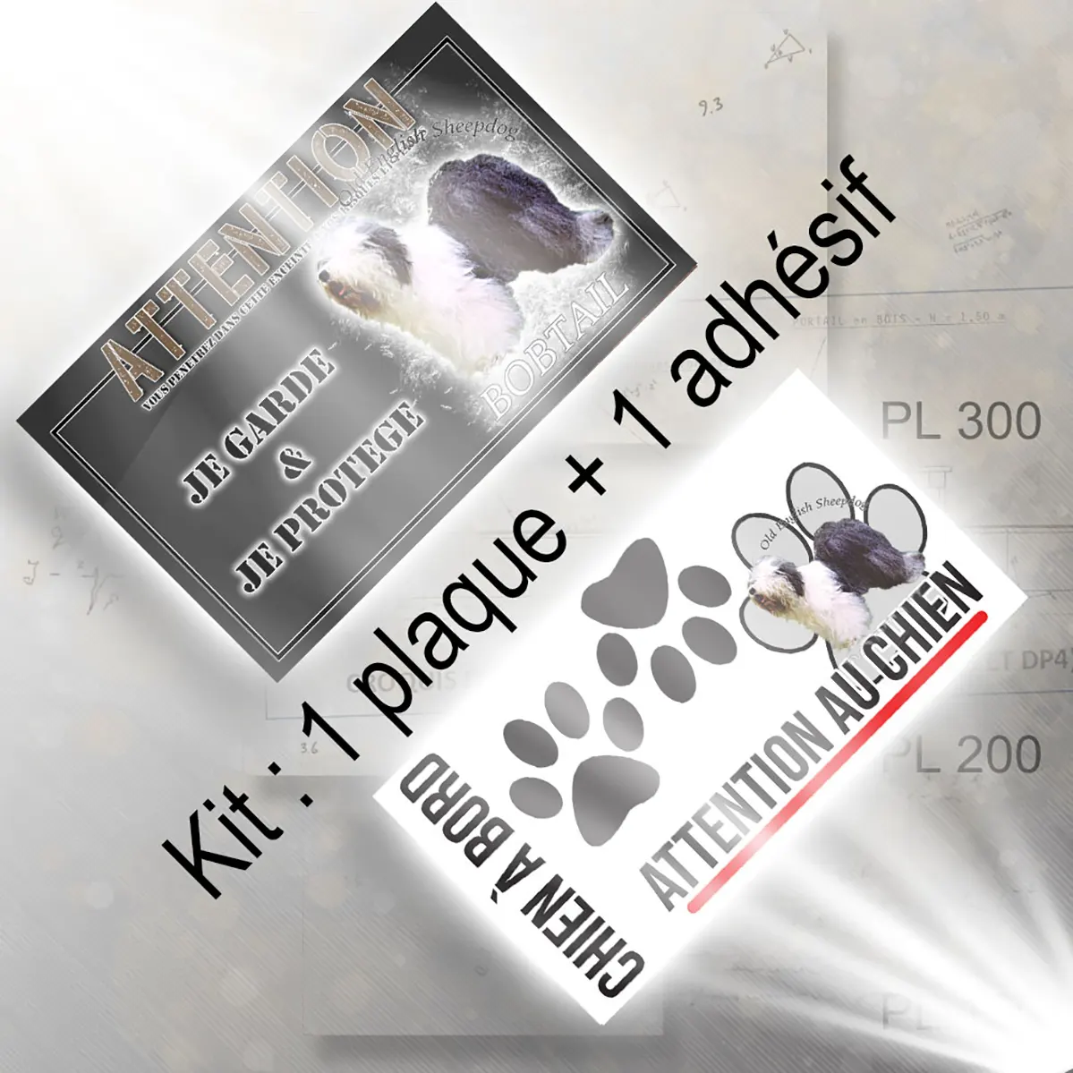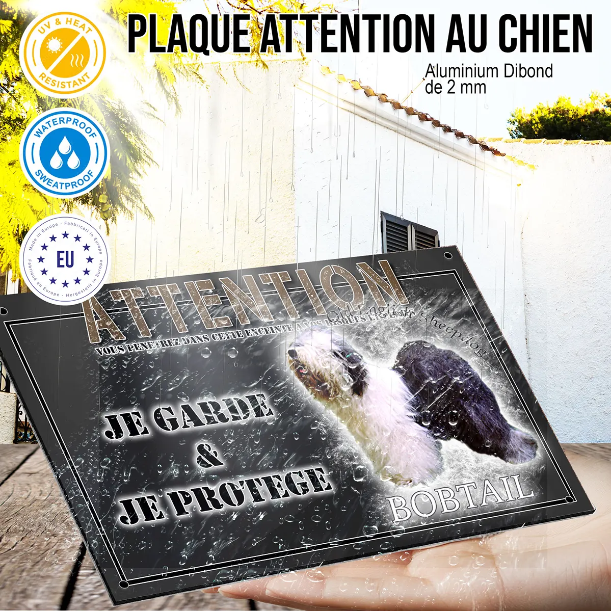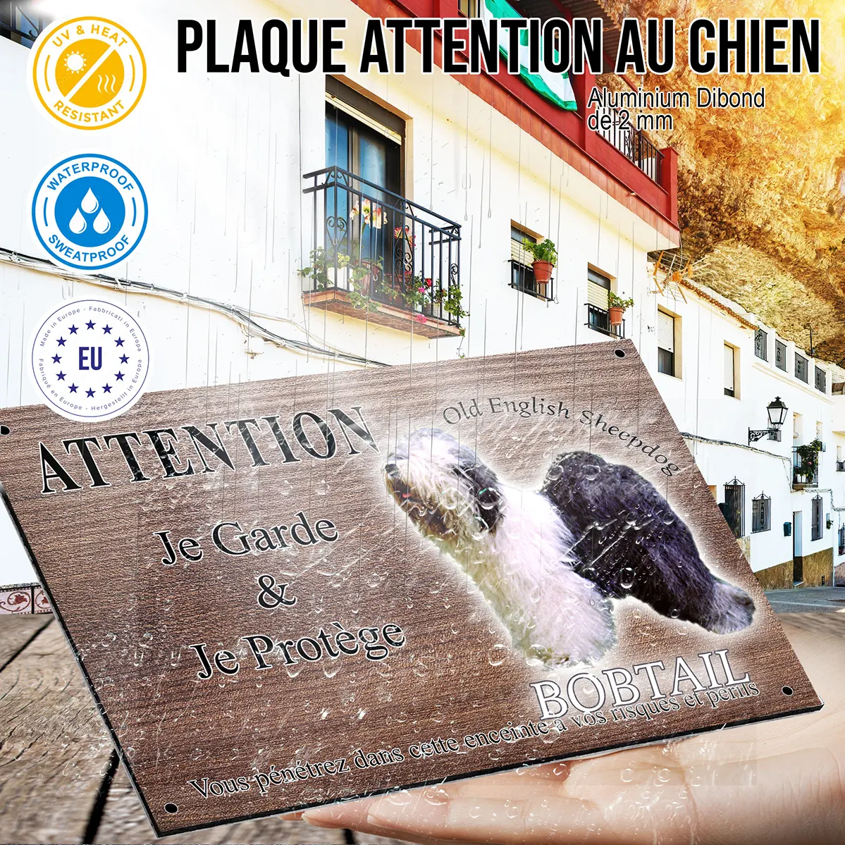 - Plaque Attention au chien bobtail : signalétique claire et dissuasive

--

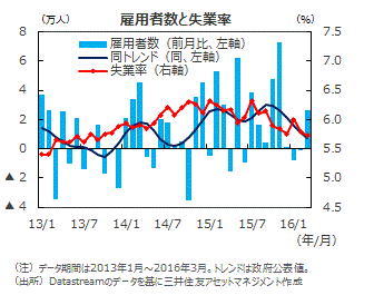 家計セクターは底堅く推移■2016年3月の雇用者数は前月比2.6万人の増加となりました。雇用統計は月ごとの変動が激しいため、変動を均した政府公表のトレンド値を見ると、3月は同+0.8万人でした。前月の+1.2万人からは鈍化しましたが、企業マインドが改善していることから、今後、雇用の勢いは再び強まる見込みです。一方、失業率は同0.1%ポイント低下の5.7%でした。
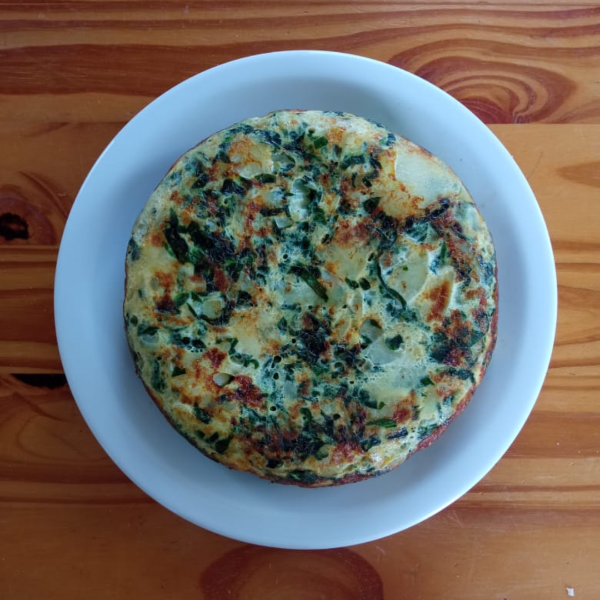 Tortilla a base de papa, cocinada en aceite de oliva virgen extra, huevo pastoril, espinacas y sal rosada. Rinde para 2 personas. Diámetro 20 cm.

- Your assignment: Find the line with "家計セクターは底堅く推移■2" and the line with "Tortilla a base" in the records above. Copy both and all lines between them exactly, without pictures.

- Solved exercise:
 家計セクターは底堅く推移■2016年3月の雇用者数は前月比2.6万人の増加となりました。雇用統計は月ごとの変動が激しいため、変動を均した政府公表のトレンド値を見ると、3月は同+0.8万人でした。前月の+1.2万人からは鈍化しましたが、企業マインドが改善していることから、今後、雇用の勢いは再び強まる見込みです。一方、失業率は同0.1%ポイント低下の5.7%でした。
 Tortilla a base de papa, cocinada en aceite de oliva virgen extra, huevo pastoril, espinacas y sal rosada. Rinde para 2 personas. Diámetro 20 cm.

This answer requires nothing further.